Von Christan Gampert | 15.11.2014
    Der Pelourinho Platz in Salvador da Bahía.
    Salvador de Bahia: Mit Wasserspielen und Bars wollte Lina Lo Bardi die Altstadt zu einem Zentrum der Armen machen. (Deutschlandradio - Julio Segador)
    Das erste Haus, das Lina Bo Bardi gebaut hat, war ihr eigenes Haus - die Casa de Vidro, 1951. Das rundum verglaste riesige Wohnzimmer steht auf Stelzen und ragt weit in den Hang hinein, unter ihm wuchert die Vegetation. Man blickt auf Sao Paulo. Als Lina Bo Bardi hier wohnte, standen viele Kunstwerke im Raum. Der hintere Teil des Hauses ist kompakter und beherbergt die Funktionsräume, Arbeiten und Schlafen.
    1946 war Lina Bo Bardi mit ihrem Mann, dem Kunsthistoriker Pedro Maria Bardi, von Italien nach Brasilien emigriert. Das hatte viele Gründe - einer davon war, dass Bo Bardi in Italien wenige Chancen sah, im Männerberuf Architekt zu reüssieren. Nach ihrem Studium hatte sie vor allem für Architekturzeitschriften geschrieben, gezeichnet, Inneneinrichtungen entworfen. Die energische Bo Bardi aber wollte mit Architektur in die Gesellschaft eingreifen. Als ihr Mann Museumsdirektor in Brasilien wurde, ging sie mit, und der Bau des Museu de Arte de Sao Paulo wurde eine ihrer wichtigsten Arbeiten. Die oft farbige, humorvolle szenische Entwurfszeichnung blieb zeitlebens ihr Probiermedium, sagt Kuratorin Simone Bader.
    "Wir haben fast 100 Zeichnungen aus dem Archiv in Sao Paulo hierher transportieren lassen, um der Bevölkerung so eine Begegnung mit der Architektin zu ermöglichen."
    Und das Vorläufige und Heitere dieser Skizzen sagt auch etwas über ihre Arbeitsweise.
    "Die Zeichnungen sind Linas Instrumente, wie sie ihre Gedanken entwickelt zu einem Projekt. Sie hat ja selbst nie ein Büro gehabt, sondern hat immer auf der Baustelle tatsächlich gearbeitet mit den Handwerkern, mit den Bauarbeitern."

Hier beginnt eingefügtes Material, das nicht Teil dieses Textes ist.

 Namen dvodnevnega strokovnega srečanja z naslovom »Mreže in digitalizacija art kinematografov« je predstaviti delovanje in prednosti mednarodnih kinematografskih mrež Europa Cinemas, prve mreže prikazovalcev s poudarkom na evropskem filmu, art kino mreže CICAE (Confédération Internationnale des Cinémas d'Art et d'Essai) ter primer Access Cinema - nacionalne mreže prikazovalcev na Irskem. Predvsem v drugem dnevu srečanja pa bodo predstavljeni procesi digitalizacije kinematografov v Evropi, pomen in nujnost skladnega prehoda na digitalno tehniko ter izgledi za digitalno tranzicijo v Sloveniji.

    Im Gegensatz zu ihrem streng geometrisch und in Stahlbeton denkenden brasilianischen Kollegen Oscar Niemeyer setzt Bo Bardi auf eine Architektur von unten, die lokale Materialien nutzt und Elemente der Volkstradition aufnimmt, ohne dabei folkloristisch zu werden. Und die Natur spielt eine Hauptrolle: Ihre frühen Wohnhäuser sind mit Kieselsteinen verkleidet, und das Konzept der vertikalen Gärten, der begrünten Fassaden hat sie zeitlebens beibehalten. Das Gebaute muss harmonieren mit der Vegetation.

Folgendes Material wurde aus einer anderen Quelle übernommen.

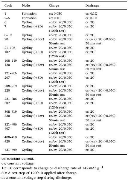 圖1是不同的Overhang設(shè)計(jì),然后按照表1程序?qū)σ陨蠋追N電池做循環(huán)測試,然后對(duì)不同階段的極片做ICP測試,研究負(fù)極極片鋰濃度的分布。表1中SD表示CCCV充電后靜置120h做電池自放電實(shí)驗(yàn),dcv表示恒流放電之后再做0.05C恒壓放電測試。

    Teilhabe ist immer spürbar
    Bo Bardis Überzeugung, dass man den öffentlichen Raum erst schaffen müsse, durch Architektur, belegt am eindrucksvollsten das von ihr entworfene Kunstmuseum in Sao Paulo: An signalrot gestrichenen Stahlträgern hängt ein weitgespannter, lang gezogener Betonquader, unter dem sich ein großer Platz als Treffpunkt aller Gesellschaftsschichten befindet - unter dem Betonhimmel sozusagen. Oben die locker im Raum verteilte Kunst, unten die Agora. Eine einzige Treppe führt nach oben. Das Museum liegt an einer Hauptverkehrsstraße, aber weiter hinten schließen sich, treppenartig gestaffelt, Skulpturengärten und Kinderspielplätze an.
    Die Ausstellung führt uns mit verschiedenen Medien, nicht nur Fotos und Modellen, sondern auch Videos und Diashows, auch durch die urbanistischen Planungen Bo Bardis: In Salvador de Bahia wurde sie vom Bürgermeister mit der Sanierung der Altstadt beauftragt, die sie mit Wasserspielen und Bars zu einem Zentrum der Armen machen wollte. Kulturelle Teilhabe erreicht man, indem man für die Einwanderer aus Benin ein Haus errichtet oder Restaurants wie afrikanische Hütten baut.
    Ihr Teatro Oficina in Sao Paulo ist wie eine lange Straße konzipiert, damit in den Aufführungen keinerlei Illusion aufkommt; außen pulsiert das Leben. Kleinere Projekte wie Kirchenbauten integrieren stets Sozialzentren in den Komplex. Und ihr Hauptwerk, die umgestalteten alten Fabrikhallen von Sesc Pompeia, wird täglich von tausenden Besuchern genutzt: Wasserläufe, Stadtstrände, Theater, Bibliotheken, Kunsthallen, Restaurants, Bimmelbahnen für die Kinder - das Kulturzentrum als Wohnzimmer. In einem riesigen Klotz sind Turnhallen übereinandergestapelt, Stege führen in luftiger Höhe zu einem Turm mit den Umkleiden. Alles ist Kommunikation. Gelegentlich nimmt der Perfektionismus überhand - sogar die Uniformen der Angestellten wurden von Bo Bardi entworfen. Aber die Utopie der Architektur für alle, der Teilhabe, die ist bei Lina Bo Bardi immer spürbar.